IV drug errors highlight need for universal standards

Key Points

Universal standards for intravenous drug concentrations should be the next big change in hospital practice. That's the leading recommendation from a summit on reducing IV-related drug errors convened by the American Society of Health-System Pharmacists in 2008. Proceedings of the summit and an action plan were released in mid-December.

"The number one priority is to standardize IV infusion concentrations across all settings," said Peter Angood, MD, vice president and chief patient safety officer for The Joint Commission. "Safety will improve dramatically if we all work with the same tools. This is a difficult step, but the potential safety gain is highly significant."

Angood spoke at a press conference that launched ASHP's campaign to change the way IV medications are approved, packaged, delivered, administered, and monitored. Co-sponsors included the US Pharmacopeia, the Institute for Safe Medication Practices, the Infusion Nurses Society, the National Patient Safety Foundation, and The Joint Commission.

IV medications were responsible for 12.5 percent of all adverse events reported to MEDMARX between 2002 and 2006, Manasse said. In comparison with other medications, IV drugs are twice as likely to harm patients.

More than 40 percent of all IV drug errors that result in patient harm involve opioids, insulin, or anticoagulants, he said. The most common errors are wrong administration technique, wrong drug, or wrong route of administration.

"All of these errors are preventable," Manasse said. "There are essential safe practices that every caregiver and every institution should follow."

The Joint Commission already requires hospitals to limit and standardize drug concentrations as part of the accreditation process, Angood said.
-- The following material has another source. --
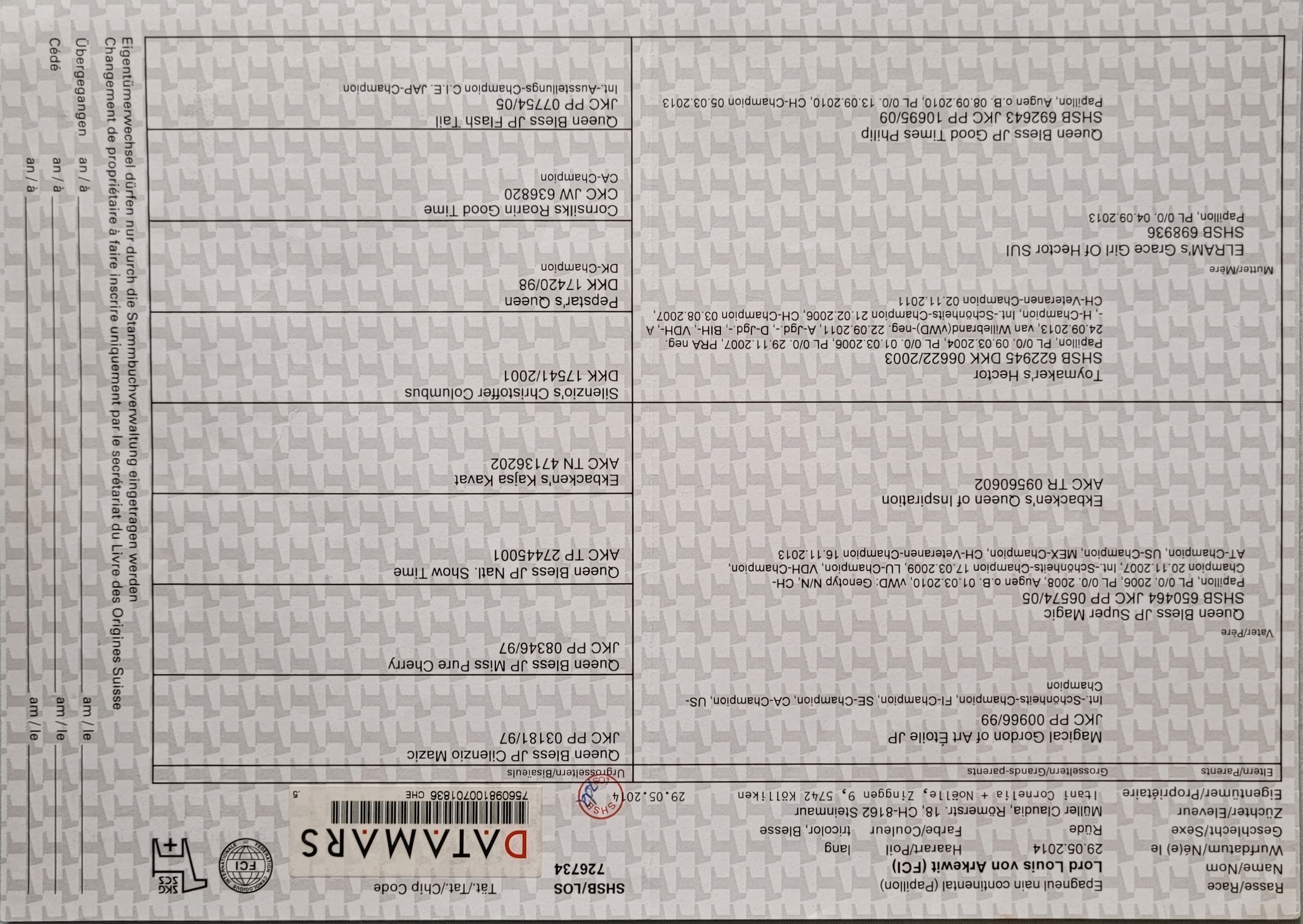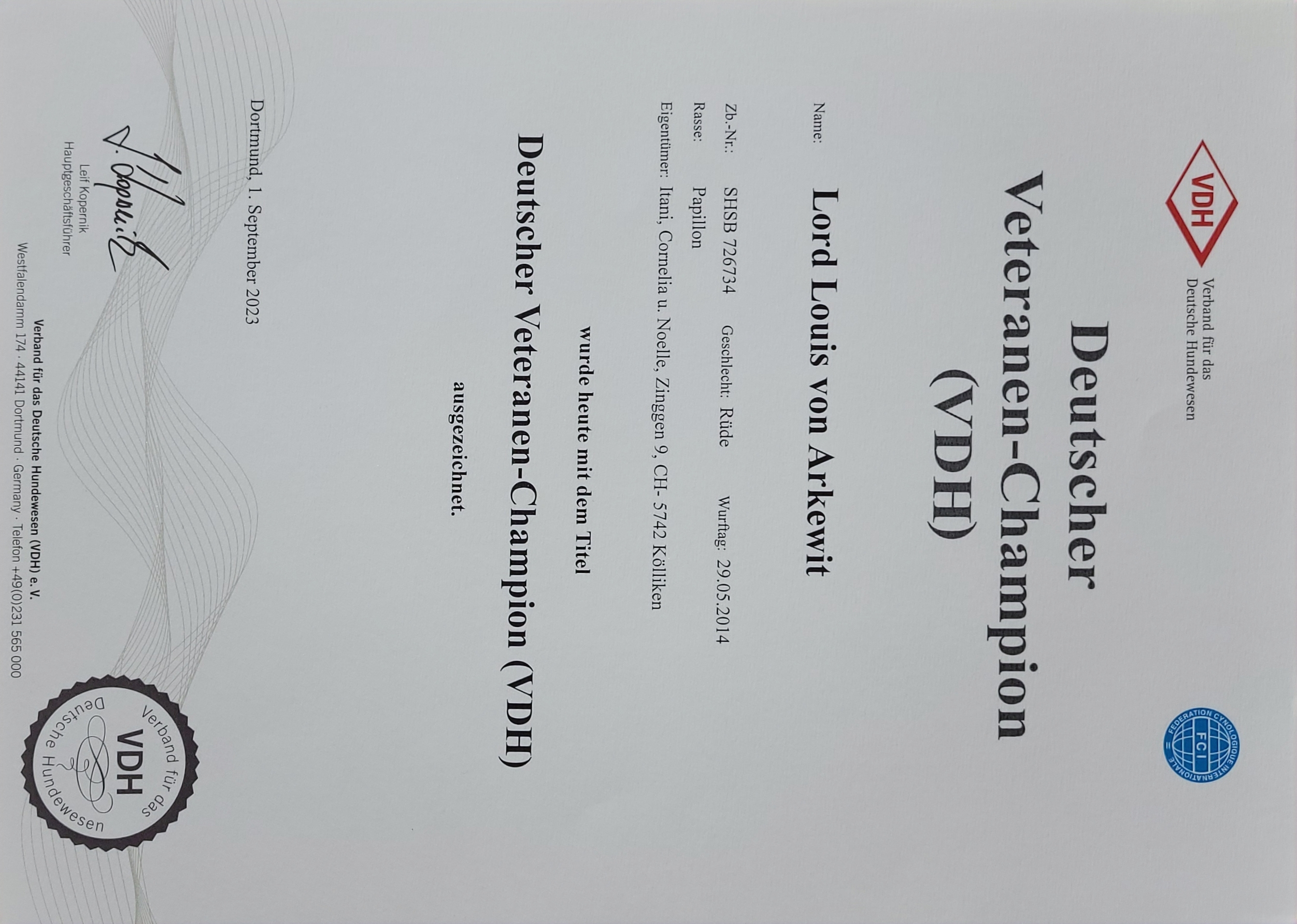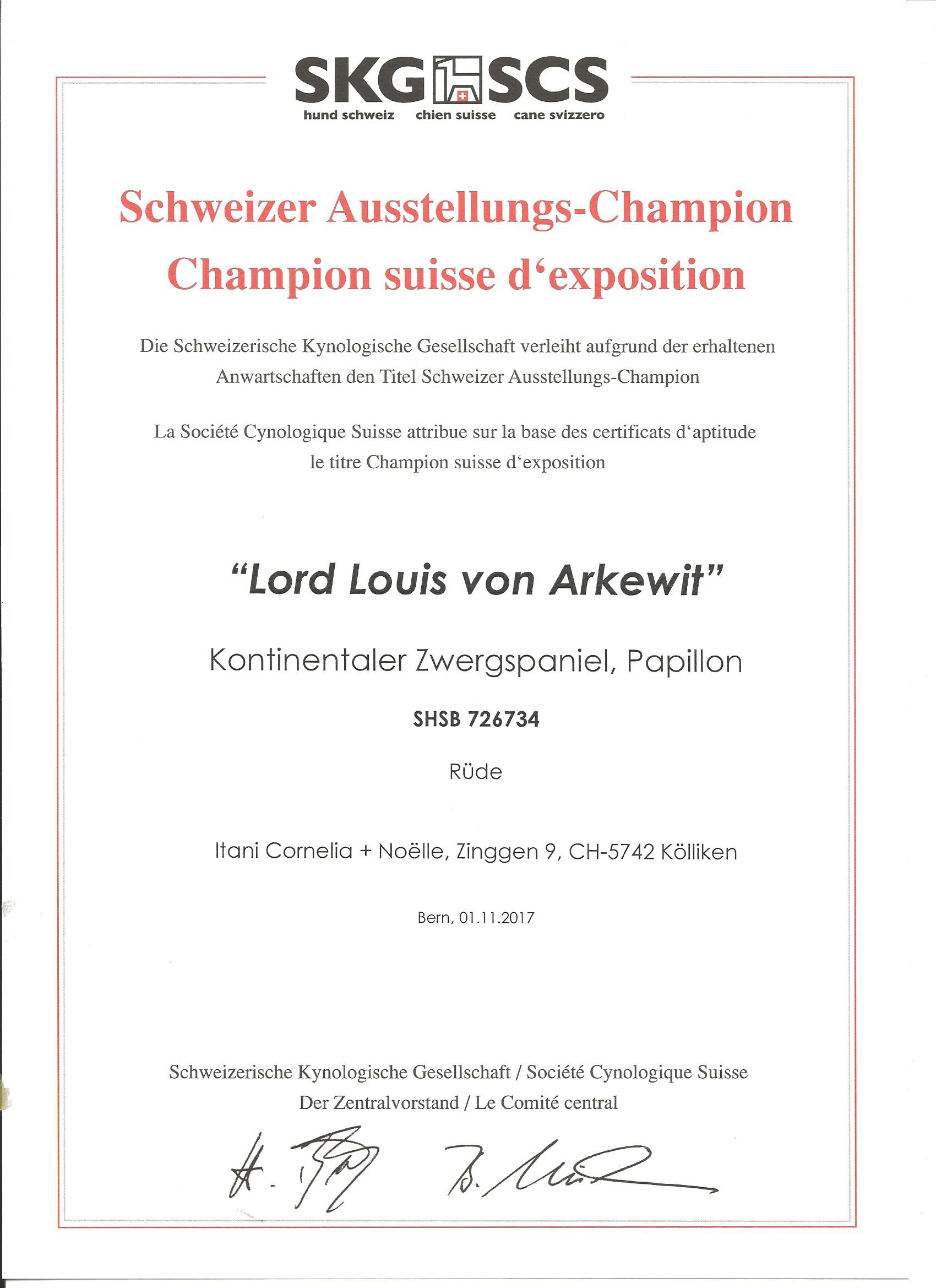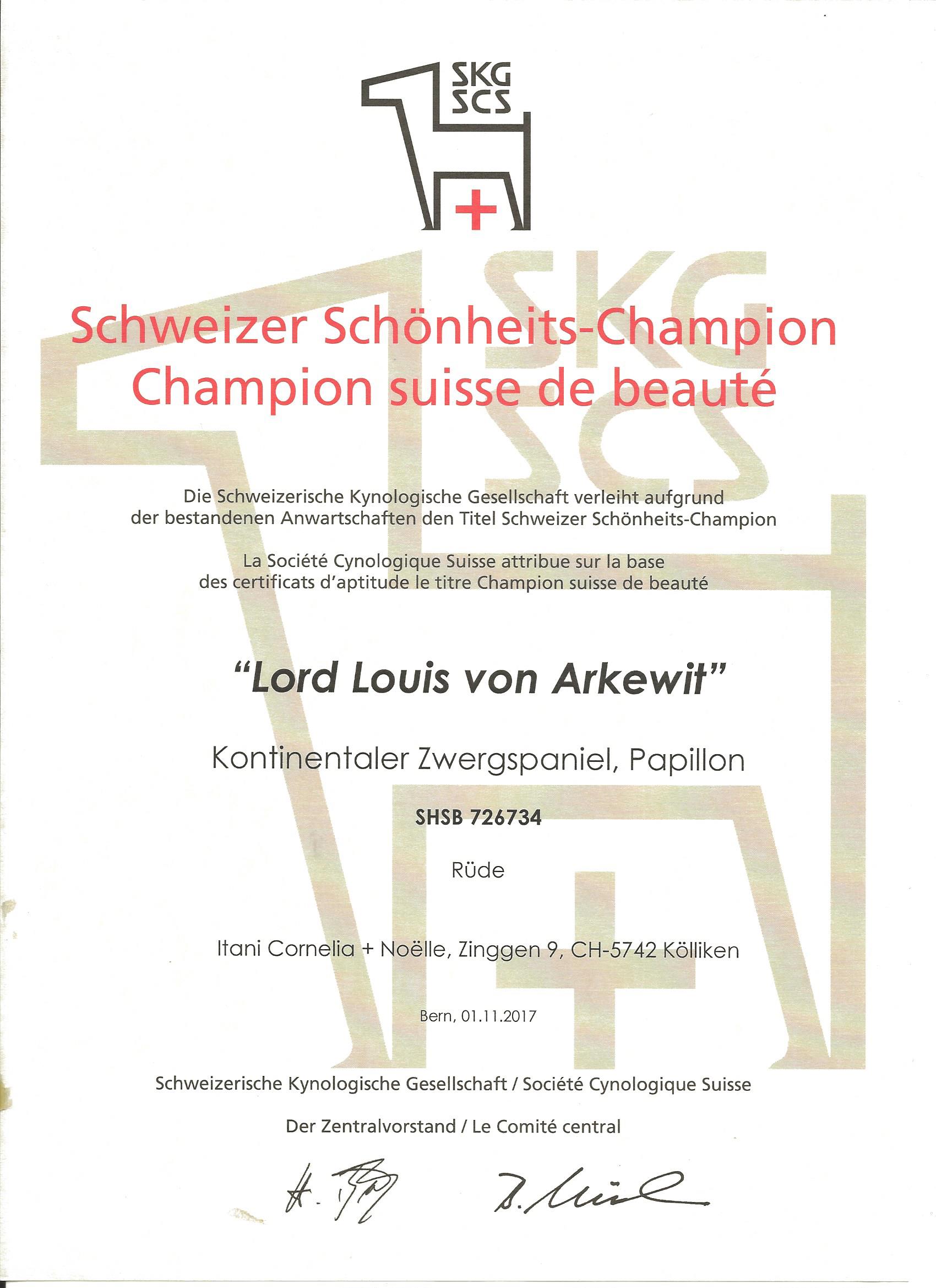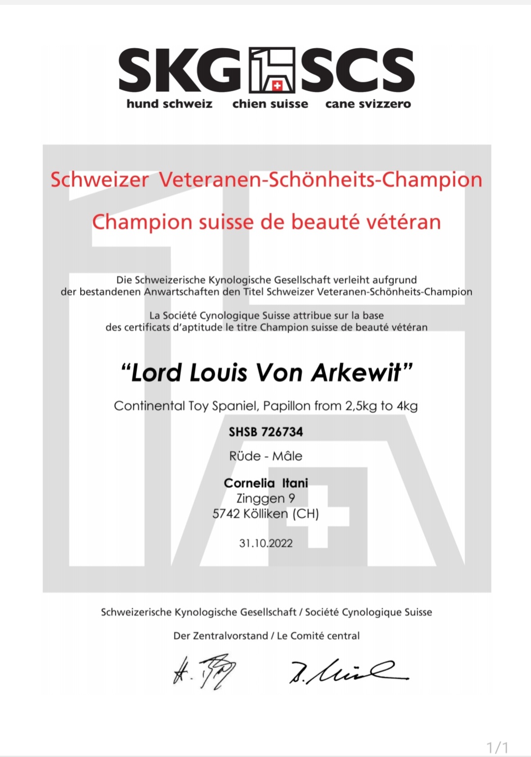 Schweizer Schönheits-Champion Schweiz. Ausstellungs-Champion Schweiz. Veteranen-Schönheits-Champion |

The next step is to expand standardization across the entire continuum of care. Some IV medications are available in as many as 18 different concentrations, said Diane Cousins, who represented the US Pharmacopeia Center for Advancement of Patient Safety. Drug concentrations and dosing strategies vary widely between healthcare settings.
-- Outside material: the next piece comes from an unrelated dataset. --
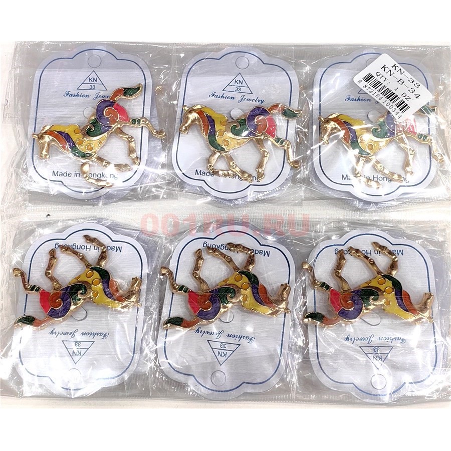 Брошь со стразами Лошадь (KN-B-34) металлическая 12 шт/упаковка

Concentrations and strategies can also change dramatically between departments within the same institution. Every change in standard procedures increases the likelihood of adverse events as patients move between care settings. Implementation of universal standards for drug concentrations and dose ranges is one of more than 40 essential practices the summit identified across all levels of the IV medication process.

"Many groups have looked at medication errors, but this summit represented the full spectrum of disciplines and professions, from nurses to pharmacists, physicians, and bioengineers," said Justine Medina, director of professional practice and programs, American Association of Critical-Care Nurses. "When an error occurs, it is a fault of the system, not an individual."

Common problems include infusion pumps that are not intuitive or that allow users to disable alarms, as well as different programming systems used by different equipment manufacturers.

Look-alike, sound-alike product names are another common problem, she added. Drugs such as dopamine and dobutamine are all too easy to confuse. IV compounding is another common source of error. Allen Vaida, executive vice president, Institute for Safe Medication Practices, noted that reducing compounding and product manipulation also reduces medication errors. He called on manufacturers to deliver a better range of ready-to-use concentrations, especially for high-alert medications that are most likely to cause patient harm. If IVs must be compounded, the work should be done in pharmacy by trained pharmacy personnel, Vaida said. Centralizing compounding in a single department increases safety by using more highly trained personnel and more automated technology. The goal is to deliver ready-to-use doses.